Aykan Erdemir: AKP ataerkil zihniyeti koruyarak, sorunları çözeceğini sanıyor Kaos GL - LGBTİ+ Haber Portalı
Milletvekili Aykan Erdemir: AKP, cinsel ve toplumsal şiddete neden olan ataerkil zihniyet ve otoriter değerler sistemini koruyarak, bu zihniyet ve sistemden kaynaklanan sorunlarla mücadele edebileceği yanılgısında.
 
AKP tarafından parlamento gündemine taşınan cinsel suçlara ilişkin yasal düzenleme sivil toplum ve muhalefet tarafından endişe ile karşılandı. AKP, kamuoyunu günden güne daha çok geren çocuk cinayetlerine, kadın cinayetlerine ve cinsel saldırılar meselesine, bir torba yasa potpurisi arasından yanıt verdi. Bu “yeni” düzenlemeler, koruyucu ve önleyici unsurlar içermemekle, sistematik yaklaşıma sahip olmamakla ve sivil topluma ve akademiye danışılmadan Genel Kurul’a taşınmış olmak ile eleştirildi. Kaygı yaratan bir diğer konu ise akranlar arası karşılıklı rızaya dayalı cinselliği cezalandıran hükümler içermesiydi.
 
Milletvekilleri Aylin Nazlıaka, Aykan Erdemir ve Ertuğrul Kürkçü bu hususlardaki düşüncelerini paylaşmak için kaosGL.org’a konuştu.
 
AKP’nin cinsel şiddet suçlarına dair koruyucu ve önleyici politikalar önermek yerine salt cezai veya idari düzenlemeler yapmaya öncelik vermesini nasıl değerlendiriyorsunuz?

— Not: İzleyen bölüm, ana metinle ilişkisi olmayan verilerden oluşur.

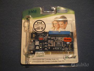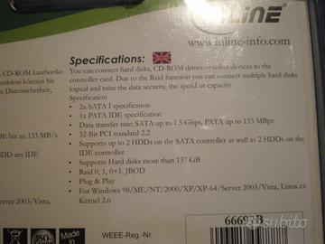 Fornito con cavo di collegamento eide e scheda controller aggiuntiva PCI per installazione su schede madri con slot PCI e senza interfaccia di collegamento EIDE presente (la scheda presenta possibilità anche di un collegamento SATA ed uno e-SATA).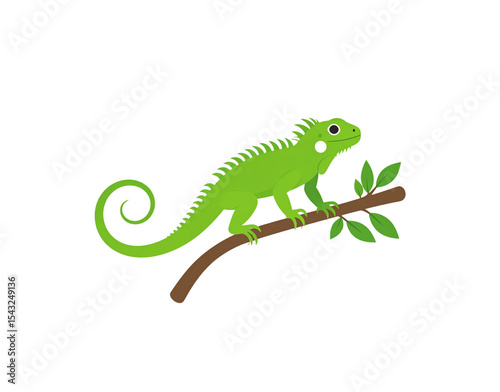 © Project, Obraz premium Cartoon Green Iguana Perched on a Branch with Leaves Vector Illustration.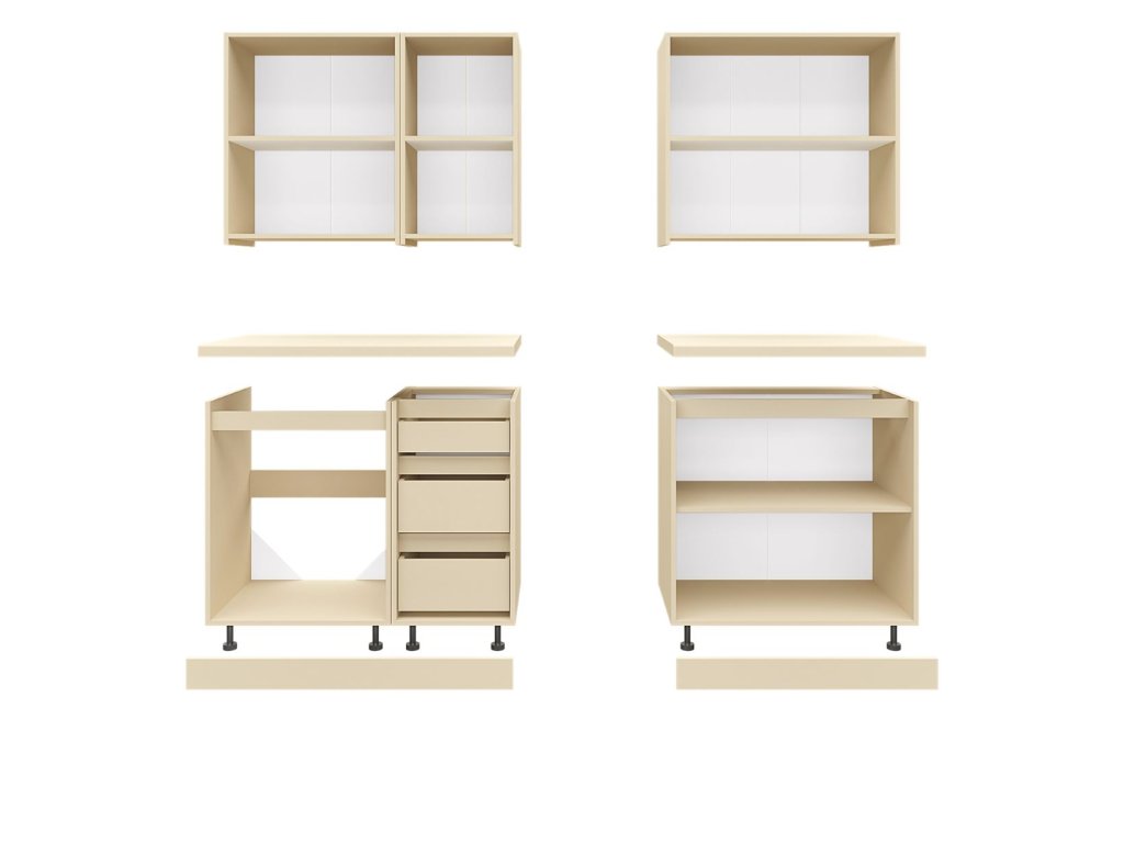 | Zostava obsahuje: | 1 ks horná dvojdverová skrinka 60 cm 1 ks horná jednodverová skrinka 40 cm 1 ks horná dvojdverová skrinka 80 cm 1 ks dolná dvojdverová drezová skrinka 60 cm 1 ks dolná skrinka 4 skrinka 80 cm |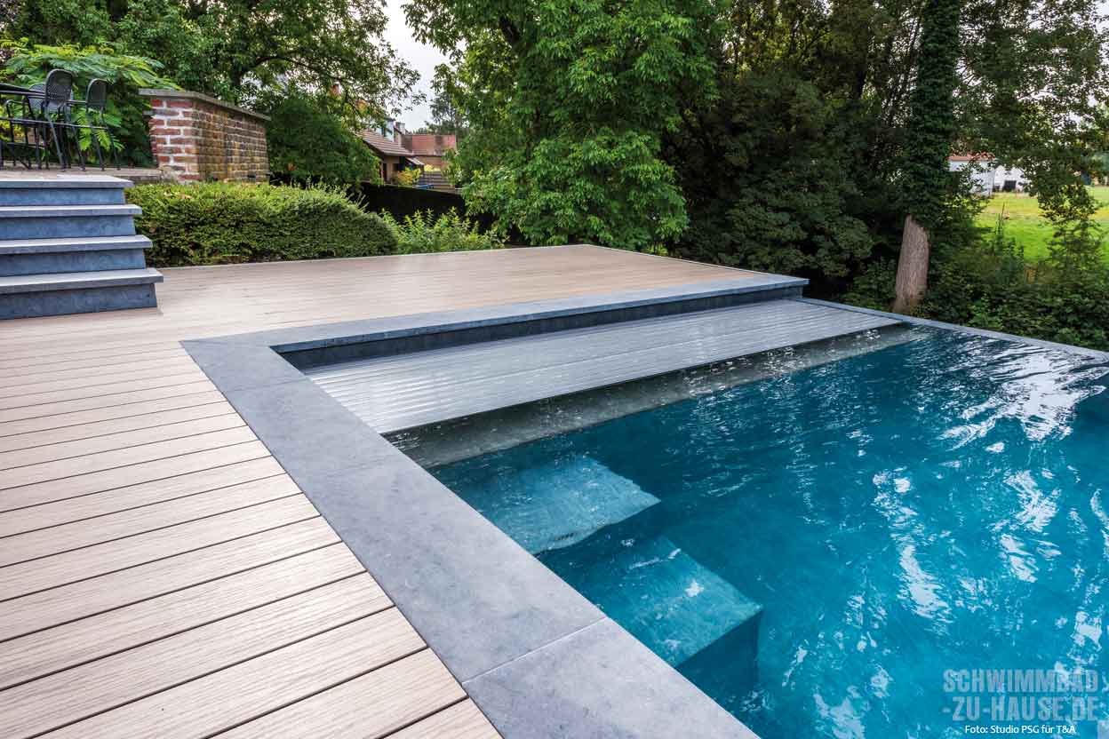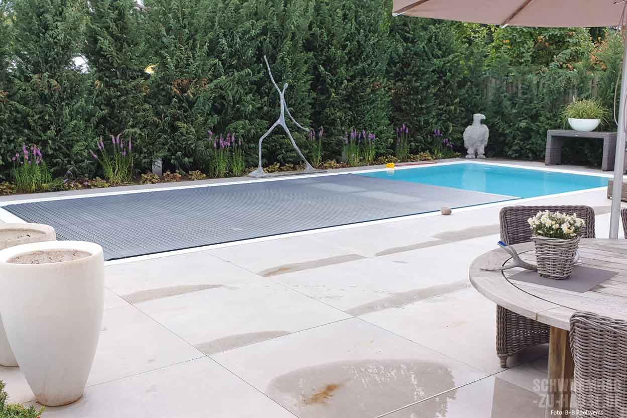 Bei der Planung eines Pools macht es von Anfang an Sinn, sich auch Gedanken über die Poolabdeckung zu machen. Es gibt verschiedene Systeme, das Becken sicher abzudecken und somit zuverlässig vor Schmutz und Wärmeverlusten zu schützen. Eine optisch besonders dezente und im Gebrauch komfortable Lösung ist die automatische Rollladenabdeckung. Sie ist ein absolutes Must-have für jedes Schwimmbad – ob drinnen oder draußen.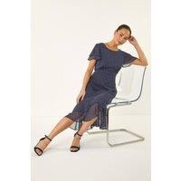 Petite Spot Frill Hem Dress from Roman. Get your wardrobe ready for Spring and Summer with this elegant spot frill dress. Boasting a round neckline and short sleeves, this dress features a flattering double frill hem for a touch of playful movement. Cut from a comfortable woven fabric, this piece ensures a perfect fit while keeping you comfortable all day long. Style with strappy heels and a blazer for a chic and sophisticated look that's perfect for any occasion! | Roman Women's Petite Spot Frill Hem Dress in Navy | Size: 18 - Manufacturers part number: Roman_5063566647688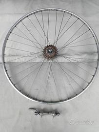Ruota posteriore in alluminio Ambrosio con pacco pignoni Regina Extra Oro ,mozzo Record Campagnolo e sgancio rapido Campagnolo. Tutto in ottime condizioni.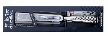 Europejski widelec do mięsa Global GF-24 o długości 16,5 cm sprawdzi się podczas serwowania pieczonego mięsa. Dwa ostrza bezproblemowo przytrzymają krojone mięso.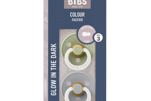 Set 2 suzete Bibs fosforescente Colour Glow Latex, tetina rotunda, 18 luni + SageCloud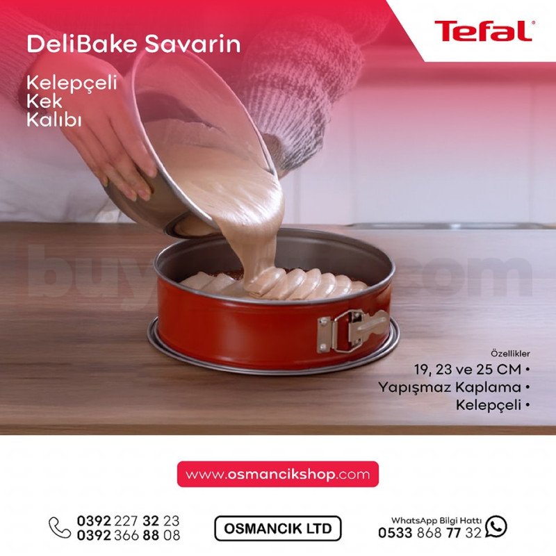 Tefal DeliBake Savarin kelepçeli kek kalıbı, pratik kullanımı ve kaliteli yapısıyla mutfakta kusursuz sonuçlar elde etmenizi sağlar. 19, 23 ve 25 cm seçenekleri ile farklı tariflere uyum sağlarken, yapışmaz kaplama yüzeyi sayesinde kek ve pastalar kalıptan kolayca çıkar. Kelepçeli yapısı sayesinde servis sürecini pratik hale getirir ve temizlik oldukça kolaydır. Dayanıklı malzemesi ve kullanışlı tasarımıyla hem günlük kullanım hem de özel tarifler için ideal bir mutfak yardımcısıdır.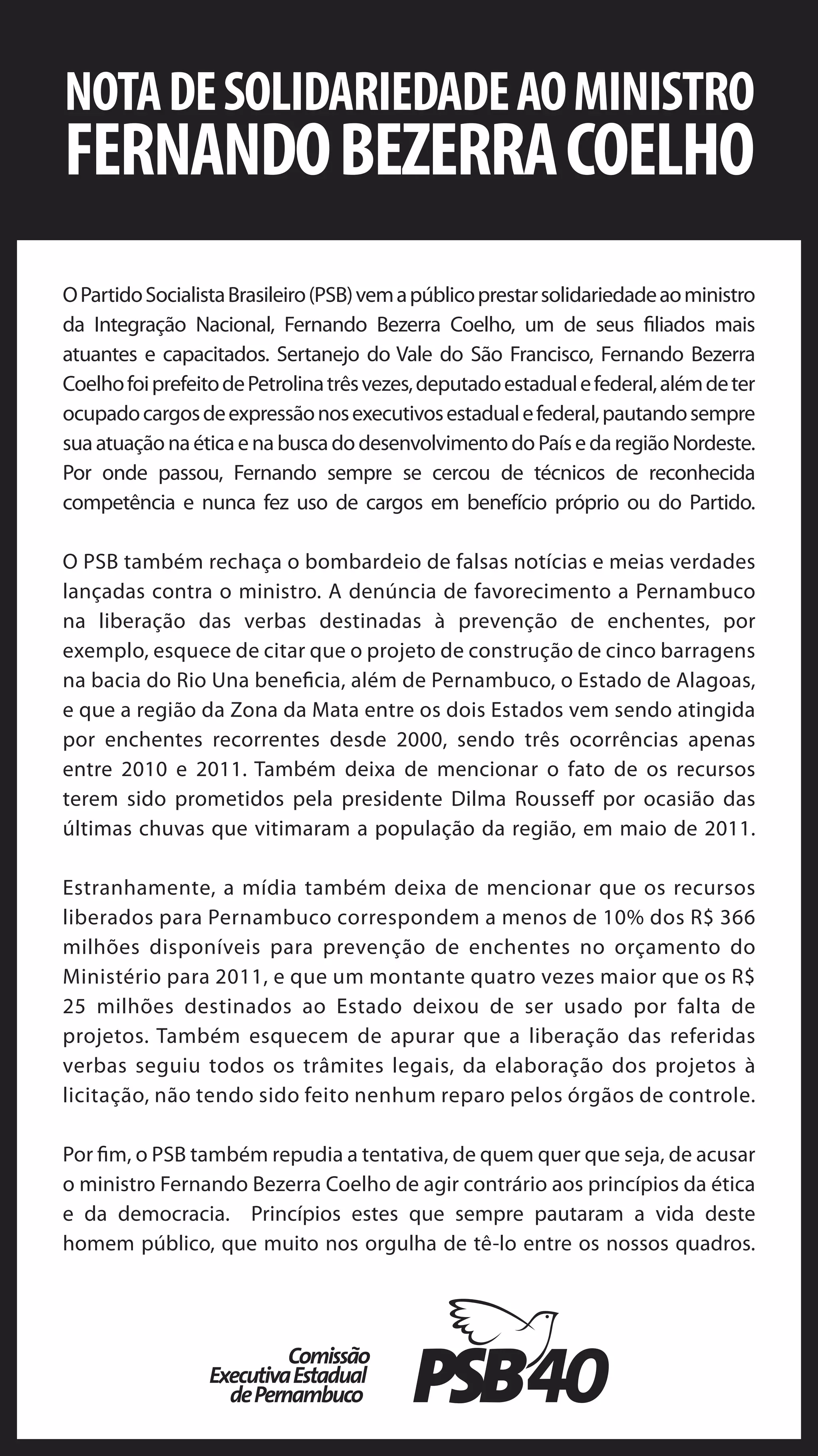 O PSB presta solidariedade ao ministro Fernando Bezerra Coelho contra acusações falsas. O partido rejeita as alegações de favorecimento a Pernambuco na liberação de verbas para enchentes e afirma que os recursos seguiram os trâmites legais. O PSB repudia tentativas de acusar o ministro de agir contra a ética.

AKP, cinsel ve toplumsal şiddete neden olan ataerkil zihniyet ve otoriter değerler sistemini koruyarak, bu zihniyet ve sistemden kaynaklanan sorunlarla mücadele edebileceği yanılgısında. Genel tutumları dönüştürmeden toplumu ve bireyleri disipline ederek sorunlar çözülebilir sanıyorlar. Bu tam bir gaflet. Günü kurtarmaya yönelik palyatif tedbirlerin ve taktiksel manevraların kalıcı sonuç alması olanaksız. Cinsel suçlar tartışmalarında bir kez daha ifşa olan siyasi iradenin, AKP’nin genel hükmetme felsefesini çok iyi örneklendirdiğini düşünüyorum.
 
Cezaları ağırlaştırmak; daha çok kurum, memur görevlendirmek, tek başına ihlallerin oluşmasını önler mi?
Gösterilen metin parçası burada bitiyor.